Once implemented, the agreement is likely to result in a gain of Euro 1.4-17.7 billion to India's national income, in turn pushing up its economic growth rate.
FTA negotiations between the two sides started in April 2007. The EU accounts for 19 per cent of India's global trade. However, India's share in the economic bloc's total trade engagement is only 2 per cent.
The agreement will result in lower duties in India and the EU as well as enhanced foreign investment flows. As a consequence, other countries will lose out to Indian companies in doing business with European nations.
The draft Global Analysis Report, commissioned by the EU, took into account six different trade liberalisation scenarios.

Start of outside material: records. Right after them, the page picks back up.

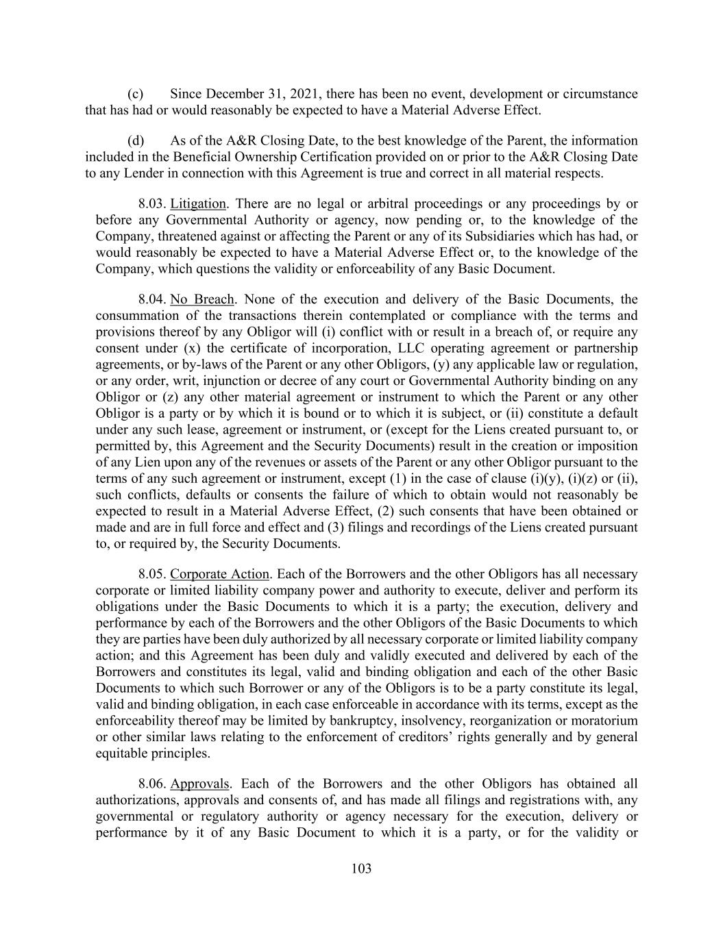 103 (c) Since December 31, 2021, there has been no event, development or circumstance that has had or would reasonably be expected to have a Material Adverse Effect. (d) As of the A&R Closing Date, to the best knowledge of the Parent, the information included in the Beneficial Ownership Certification provided on or prior to the A&R Closing Date to any Lender in connection with this Agreement is true and correct in all material respects. 8.03. Litigation. There are no legal or arbitral proceedings or any proceedings by or before any Governmental Authority or agency, now pending or, to the knowledge of the Company, threatened against or affecting the Parent or any of its Subsidiaries which has had, or would reasonably be expected to have a Material Adverse Effect or, to the knowledge of the Company, which questions the validity or enforceability of any Basic Document. 8.04. No Breach. None of the execution and delivery of the Basic Documents, the consummation of the transactions therein contemplated or compliance with the terms and provisions thereof by any Obligor will (i) conflict with or result in a breach of, or require any consent under (x) the certificate of incorporation, LLC operating agreement or partnership agreements, or by-laws of the Parent or any other Obligors, (y) any applicable law or regulation, or any order, writ, injunction or decree of any court or Governmental Authority binding on any Obligor or (z) any other material agreement or instrument to which the Parent or any other Obligor is a party or by which it is bound or to which it is subject, or (ii) constitute a default under any such lease, agreement or instrument, or (except for the Liens created pursuant to, or permitted by, this Agreement and the Security Documents) result in the creation or imposition of any Lien upon any of the revenues or assets of the Parent or any other Obligor pursuant to the terms of any such agreement or instrument, except (1) in the case of clause (i)(y), (i)(z) or (ii), such conflicts, defaults or consents the failure of which to obtain would not reasonably be expected to result in a Material Adverse Effect, (2) such consents that have been obtained or made and are in full force and effect and (3) filings and recordings of the Liens created pursuant to, or required by, the Security Documents. 8.05. Corporate Action. Each of the Borrowers and the other Obligors has all necessary corporate or limited liability company power and authority to execute, deliver and perform its obligations under the Basic Documents to which it is a party; the execution, delivery and performance by each of the Borrowers and the other Obligors of the Basic Documents to which they are parties have been duly authorized by all necessary corporate or limited liability company action; and this Agreement has been duly and validly executed and delivered by each of the Borrowers and constitutes its legal, valid and binding obligation and each of the other Basic Documents to which such Borrower or any of the Obligors is to be a party constitute its legal, valid and binding obligation, in each case enforceable in accordance with its terms, except as the enforceability thereof may be limited by bankruptcy, insolvency, reorganization or moratorium or other similar laws relating to the enforcement of creditors’ rights generally and by general equitable principles. 8.06. Approvals. Each of the Borrowers and the other Obligors has obtained all authorizations, approvals and consents of, and has made all filings and registrations with, any governmental or regulatory authority or agency necessary for the execution, delivery or performance by it of any Basic Document to which it is a party, or for the validity or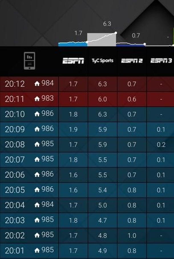 Según la cuenta @RatingDeportivo TyC Sports midió por encima de los 6 puntos de rating una vez comenzado el partido de Lionel Messi pero antes del inicio del clásico por la Copa Libertadores. Así, lideró entre los canales deportivos de cable.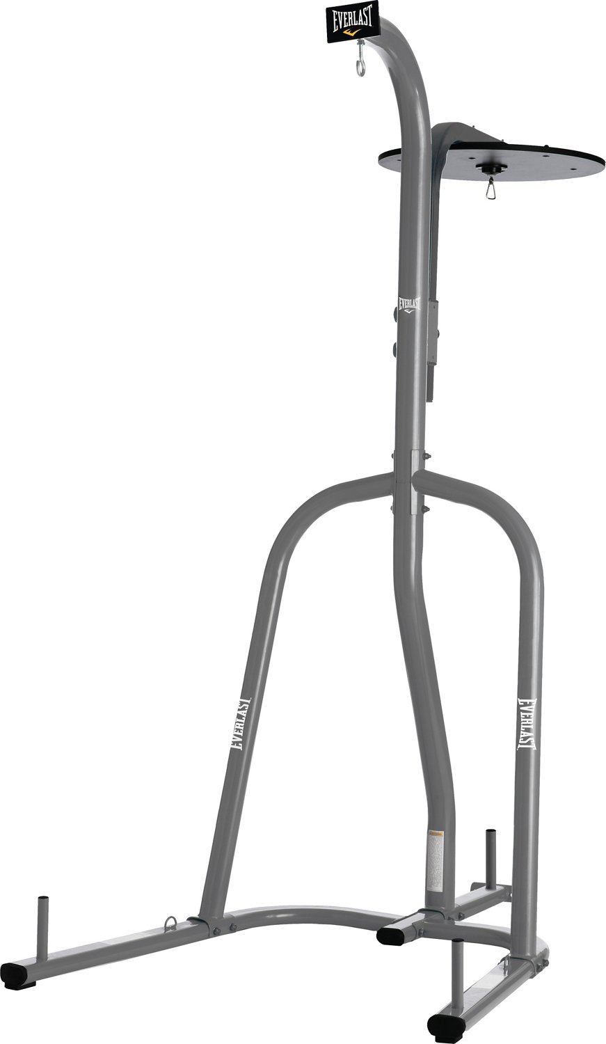 Get a great bag training workout with the sturdy Everlast® Dual Station Bag Stand, which features heavy-duty, powder-coat steel tubing for long-lasting use. The stand accommodates heavy bags up to 100 lb., and the adjustable-height speed bag platform makes the bag stand suitable for use with most speed bag sizes. Easy to assemble.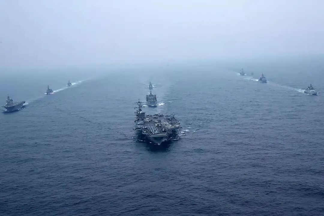 ▲当地时间2021年10月12日,孟加拉湾海域,美国、印度、日本、澳大利亚四国海军举行“马拉巴尔2021”第二阶段海上联合演习。(人民视觉)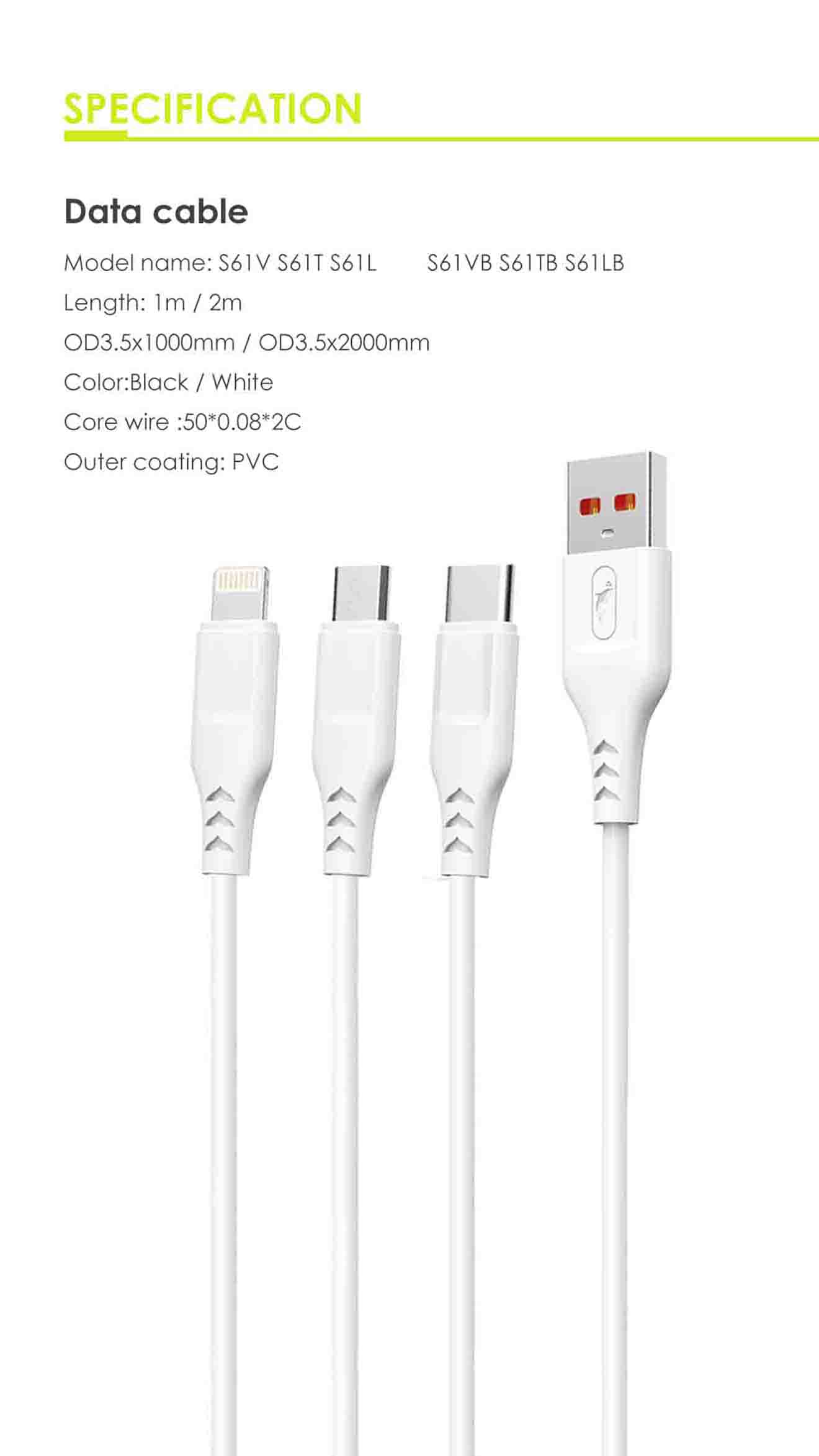1. Length: 1m, weight:28g 2. Size: 3.5x1000mm 3. Connector Surface: PVC 4. Core wire : 43x0.08x2C+10x0.08x2C 5. Support charging and sync 6. Maximum current: 2.4A

It has noted that benefits of the currently operational India-Sri Lanka FTA may be eroded when the India-EU agreement comes into effect.
Moreover, it will also adversely impact the GDP of other South Asian countries, least developed countries as well as the rest of the world to a varying extent.
More From This Section
In fact, aggregate GDP in the rest of the world is likely to take a hit in the range of Euro 2.13-18.94 billion because of the agreement, the study notes.
India stands to gain in terms of increased wages and greater exports. Noting the impact on the labour force, the study estimated that the agreement is likely to result in Indian workers changing jobs to other sectors to take benefit of increased wages. According to the report, 1,863 to 2,650 workers per 100,000 are likely to change their jobs.
Skilled workers are likely to see 1.02-1.66 per cent increase in remuneration, while for the non-skilled force it is likely to be in the range of 1.03 to 1.59 per cent.
Sectors in India which will gain most from the agreement include textiles, leather products, steel and non-ferrous metals, electronic equipment as well infotech. For example, the textile sector is likely to see 20-30 per cent growth in production output and employment, while exports are likely to rise by 30 to 40 per cent.
The report also takes notes of certain impacts on India. As a result of cheap EU imports, employment in transport equipment and machinery sector could drop by 3.6 to 6.7 per cent. Moreover, processed foods and beverages sector may also lay off employees due to decreased output resulting from cheap imports.
The report, which will be discussed in Delhi on June 23, was prepared by CENTAD, CUTS International and the Netherlands-based research firm ECORYS.